The impact of CLD on the musculoskeletal system has been better understood during the last years[6]. The musculoskeletal manifestations can be classified into two categories according to their etiology: (1) On the causative disease which insults the liver; and (2) On the type and the degree of liver disease. In more detail, Hepatitis C is frequently associated with rheumatologic phenomena. Polyarthralgia either in the context of mixed cryoglobulinemia triad of purpura, fatigue and arthralgia or alone as hepatitis C virus (HCV)-induced arthritis is documented frequently[7,8]. Overt arthritis and fibromyalgia are less frequently diagnosed in parallel with HCV infection. Polyarthritis and polyarthralgia are commonly presented as manifestations of hepatitis B virus, hepatitis A virus and hepatitis E virus infections[7] while erosive arthritis is encountered in anti-cyclic citrullinated peptide positive type I autoimmune hepatitis[9]. In regards to the alcoholic liver disease, ethanol exerts direct cytotoxic effects into the muscular system causing alcoholic myopathy while affects bone metabolism causing matrix decomposition and suppression of bone synthesis[10]. Nonalcoholic fatty liver disease is frequently associated with low bone mineral density[11] while in diseases characterized by defective metabolism of metals (e.g., copper in Wilson’s disease and iron in haemochromatosis), arthritis, chondrocalcinosis and muscle stiffness and pain are regularly noticed[7,12]. On the other side, the severity of liver disease impacts the musculoskeletal health. Alterations in endogenous steroid metabolism and the use of proton pump inhibitors and diuretics results in fluctuations of mineral metabolism which result in hepatic osteodystrophy[13]. The defective immune responses due to poor complement system and opsonization sufficiency, portosystemic shunt and bacterial intestinal overgrowth render the patients prone to infections like septic arthritis, osteomyelitis, cellulitis and necrotizing fasciitis[14]. Finally, sarcopenia[15], non-traumatic osteonecrosis[16] and a higher rate of periprosthetic complications[17] are manifestations from the musculoskeletal system that compromise severely the quality of a patient’s life.

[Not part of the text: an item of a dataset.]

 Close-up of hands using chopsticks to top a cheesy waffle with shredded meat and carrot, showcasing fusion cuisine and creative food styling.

On these grounds, healthcare professionals specializing in the management of musculoskeletal conditions (rheumatologists, orthopedic surgeons, physiatrists, physiotherapists, etc) can substantially contribute to CLD management. Prevention-wise, patients with CLD history can benefit from regular screening for osteopenia and osteoporosis and from falls’ prevention training[18]. Similarly, physiotherapy to maintain muscle mass, improve patients’ functionality and prevent sarcopenia-associated injury and disability can also be provided[19]. Treatment-wise, orthopedists and rheumatologists need to be aware of septic arthritis in CLD patients presenting with joint pain, and for spondylodiscitis and vertebral tuberculosis - in regions where the disease is endemic-in CLD patients presenting with low back pain[20-22]. Performing orthopedic surgery should also entail special considerations in CLD patients. Given their 3.5-fold higher risk for periprosthetic infections, cellulitis and necrotizing fasciitis, conservative management of fractures or osteoarthritis can be prioritized. In case of surgery, the patients and their formal and informal caregivers need to be instructed about the risk of infection and the need to carefully inspect surgical wounds and areas of plaster casting and seek medical attention when appropriate[23].

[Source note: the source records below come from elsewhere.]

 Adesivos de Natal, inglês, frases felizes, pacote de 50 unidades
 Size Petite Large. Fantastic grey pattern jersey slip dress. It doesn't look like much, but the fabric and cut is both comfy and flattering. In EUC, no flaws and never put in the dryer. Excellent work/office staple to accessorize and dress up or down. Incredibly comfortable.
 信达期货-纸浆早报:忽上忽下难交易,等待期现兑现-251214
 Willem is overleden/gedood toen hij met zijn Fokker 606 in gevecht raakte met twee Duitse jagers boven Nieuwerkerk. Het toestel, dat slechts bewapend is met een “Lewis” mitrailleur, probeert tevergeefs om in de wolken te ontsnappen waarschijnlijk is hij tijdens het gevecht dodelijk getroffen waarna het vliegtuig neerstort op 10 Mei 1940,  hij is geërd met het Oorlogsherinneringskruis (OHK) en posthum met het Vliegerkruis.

To contribute towards this end, musculoskeletal healthcare professionals need updated practice guidelines and relevant training. Developing concrete guidelines in turn requires systematic research in the field, with large scale observational studies and clinical trials confirming the existing knowledge and optimizing the recommended interventions. Currently, it appears that research in the field is heterogeneous, with the majority of studies being observational and having been conducted independently in inconsistent time intervals.

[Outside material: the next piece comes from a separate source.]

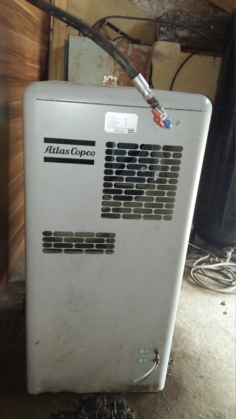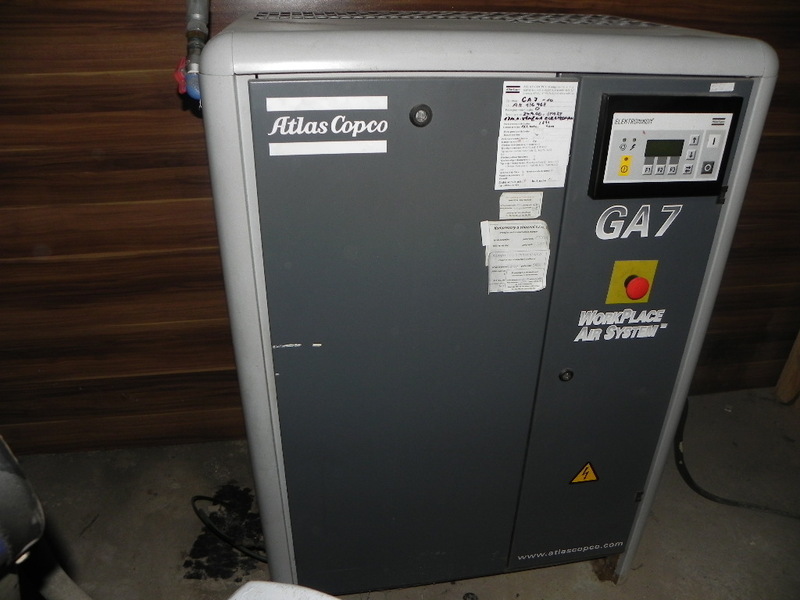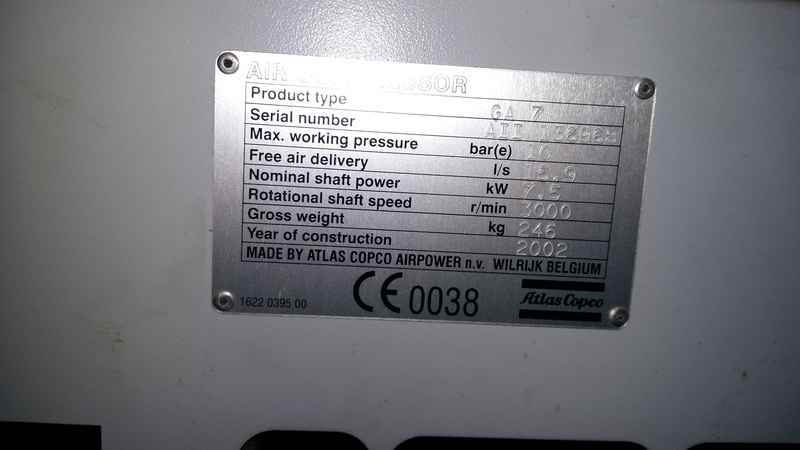 Kompresor ATLAS Copko GA7-10, r.v. 2002, celková hmotnost 246 kg, motor 705 kW, Tlak 10 barů. Výkon stlačeného vzduchu 15,9 litrů za sekundu 954 litrů za minutu 57 240 litrů za hodinu

A search for relevant publications on Medline, Scopus and other databases reveals a plethora of terms used to describe CLD musculoskeletal implications. The wording is often alternating (musculoskeletal disorders in patients with CLD, hepatic osteodystrophy) and rather descriptive words addressing particular alterations associated with CLD (sarcopenia, osteosarcopenia, skeletal muscle mass) rather than the phenomenon as a whole[2,24-26]. A term grouping all of the aforementioned together has not been included in the Medical Subject Headings thesaurus and in the International Disease Classification (ICD10) system to date. To the best of the authors’ knowledge, no relevant term can be found in hospital records and documentation systems as well. Therefore, the lack of a consistent nomenclature poses significant obstacles to the appraisal of the existing knowledge, let alone its expansion.
The authors recommend coining the umbrella term “hepatomusculoskeletal disorders” in response to the need to expand relevant knowledge and capitalize it in the form of practice guidelines. The term is a compound word of Greek origin. It emphasizes the implications of liver conditions (hepato-) on muscles (musculo-), bones and connective tissue (skeletal). The composition of the term is similar to other relevant clinical terms such as the hepatorenal or the cardiorenal syndrome. In both these examples, the organs whose pathologies affect each other (liver, heart and kidneys respectively) are merged in a single term. Coining the new term in a similar linguistic format to other terms that are established in clinical practice makes it easily comprehensible to physicians and researchers. Therefore, the proposed term can benefit future research, clinical practice and medical education. Certainly, to address the musculoskeletal implications of CLD sufficiently, several steps involving clinicians, researchers, health bodies, healthcare administrators and stakeholders are required. Nonetheless, the new term can hopefully serve as common ground underlining the need to take relevant action.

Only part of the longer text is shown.